From: jimruttshow8596
Introduction
The field of machine learning (ML), particularly deep neural networks, represents a significant shift in scientific methodology, moving towards data-driven approaches with practical applications, often outpacing traditional theory-driven science [00:02:52]. This “bifurcation” in science highlights a division between paradigms focused on prediction and those on understanding [00:03:03].

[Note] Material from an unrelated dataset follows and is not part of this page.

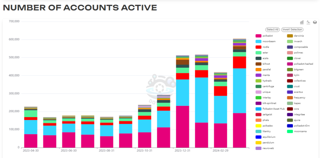 Polkadot, a blockchain platform designed for interoperability between different blockchains, is experiencing a surge in new users, but a disconnect between user growth and network activity is raising questions about its long-term viability. Related Reading: Don’t Miss The Boat! Ethereum Whales Signal Bullish Run With $40 Million Bet Based on the latest figures, DOT tallied an all-time high in active wallets and unique accounts in March, surpassing 600,000 and 5.59 million, respectively. This suggests a growing interest in the platform, potentially driven by the thriving developer ecosystem on Polkadot’s parachains, specialized blockchains that connect to the main Polkadot chain. Moonbeam, a prominent parachain, played a particularly significant role, contributing the highest number of active addresses with nearly 250,000. Source: Data Polkadot Transactions Dip Despite Active User Growth However, despite the influx of new users, the number of transactions on the Polkadot network hasn’t kept pace. While there was a modest increase in transactions compared to February, the current volume remains significantly lower than the peak recorded in December. This inconsistency raises concerns about how actively users are engaging with the network. The possibility exists that users are holding or staking their DOT tokens instead of utilizing them for transactions on the platform. Total crypto market cap is currently at $2.5 trillion. Chart: TradingView Polkadot Price Seeks Stability After Recent Decline The price of Polkadot’s native token, DOT, seems to be finding support around $9. This could indicate a period of consolidation after a decline from its previous highs above $11. While a price increase is typically seen as a positive sign, it’s important to consider it alongside actual network usage. Source: Data Is Polkadot Building Without Using? The current situation with Polkadot presents a paradox. The platform is attracting new users, but they aren’t necessarily translating into active network participants. This could be due to several factors. Perhaps users are waiting for a specific application or service to be built on Polkadot before actively engaging. It’s also possible that technical limitations are hindering user activity. Related Reading: SUI Slips After Hitting All-Time High: TVL Tumbles 12% – Token Price In The Gutter? Further analysis is needed to understand the reasons behind the lagging transactions. Examining the types of transactions occurring on the network could provide valuable insights. For instance, an increase in governance-related transactions might suggest a more engaged user base, even if overall transaction volume remains low. Polkadot’s Future Hinges On Active Network Use While the growth in active wallets and accounts is a positive sign for Polkadot, it’s crucial to convert this interest into actual network usage. The success of Moonbeam demonstrates the potential for a vibrant developer ecosystem on Polkadot. However, broader adoption across various use cases is necessary for the platform to reach its full potential. Featured image from Pexels, chart from TradingView
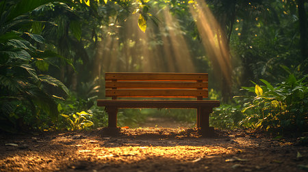 A beautifully handcrafted wooden chair is elegantly positioned in the tranquil and serene setting of a peaceful forest. Generative AI

Data-Driven vs. Theory-Driven Science
Initially, all scientific endeavors begin with data collection [00:02:12]. However, a distinction can be made between “fine-grained paradigms of prediction,” which utilize large models with practical value, and “coarse-grain paradigms of understanding,” focused on fundamental theories [00:02:52]. Historically, physical science was fortunate to have a conjunction of both, where fundamental theory proved very useful [00:03:05].
However, in certain complex domains, data science has achieved significant breakthroughs where traditional theory-driven methods have fallen short. Two prominent examples include:
- Protein Folding: AlphaFold, despite being developed by a relatively small group with “a shitload of computation,” vastly outperformed previous methods of protein folding without providing direct theoretical insight [00:04:47]. Traditional computational chemistry efforts, which had considered protein folding the “Fermat’s Last Theorem” of the field, struggled for decades [00:04:26].
- Language Understanding: Traditional computational linguistics, relying on rule-based parsers, made limited progress in understanding the “only marginally lawful nature of human language” [00:05:13]. In contrast, “Transformer Technologies” coupled with “Brute Force data and Brute Force computation” have yielded “unbelievably powerful language models” [00:05:38]. These models provide little initial insight into mechanisms but generate numerous examples that can be analyzed through induction and abduction [00:06:03].
Historical Context of Neural Networks
The origins of neural networks are not rooted in induction, as commonly perceived today, but in deductive frameworks from the 1940s [00:06:33].
- Early Development: The modern understanding of induction stems from David Hume in the 18th century, who focused on associations, believing humans and their created world were not rational through deduction [00:06:46].
- Statistics and Error Reduction: The development of statistics in the 19th and early 20th centuries by figures like Fisher, Neyman, and Pearson, arose from the need to reduce error in measurements in fields like celestial mechanics [00:07:02]. These inductive mathematical frameworks focused on parameter estimation, a concept still central to modern neural networks [00:07:54].
- McCulloch and Pitts: In the 1940s, Warren McCulloch (neurophysiologist interested in grounding epistemology in neurons) and Walter Pitts (a young genius interested in logic) converged their interests [00:08:17]. Pitts, at 12, found errors in Whitehead and Russell’s Principia Mathematica, an attempt to ground mathematics in logic [00:09:00]. Their 1943 paper was a “weird conjunction” of Boole’s laws of thought and the Principia, aiming to understand how a brain might reason propositionally [00:10:01]. Thus, the early history of neural networks was about deduction and logic, closer to symbolic AI [00:10:19].
- Fusion and Growth: The fusion of these deductive neural network concepts with inductive statistical methods began in the 1970s and 1980s [00:10:42]. The real breakthrough came in the 1990s with “big data” and Graphics Processing Units (GPUs), leading to the complex landscape of technical phenomena seen today [00:10:53].
Evolution and Breakthroughs in Neural Networks
Early neural networks faced significant challenges:
- AI Winter: The “AI winter” was partly due to criticisms of neural networks’ mathematical capabilities, such as their inability to solve non-linear separability problems like the XOR function [01:11:56]. Marvin Minsky and Seymour Papert’s 1969 book on perceptrons argued that overcoming these limitations would require deep neural networks, which were then considered infeasible due to the “too many parameters to train” problem [01:12:10].
- Backpropagation: The development of backpropagation in the late 1980s was a crucial technological advancement [01:15:34]. Initially, it posed a bottleneck for small models because it only worked on differentiable functions [01:15:39]. However, on very large models, this becomes a non-issue because “if you have… a hundred thousand dimensions there’s always one that’s pointing down” [01:15:53]. This “miracle of ultra high dimensionality” allows gradient descent to work on many more problems than previously thought [01:16:03].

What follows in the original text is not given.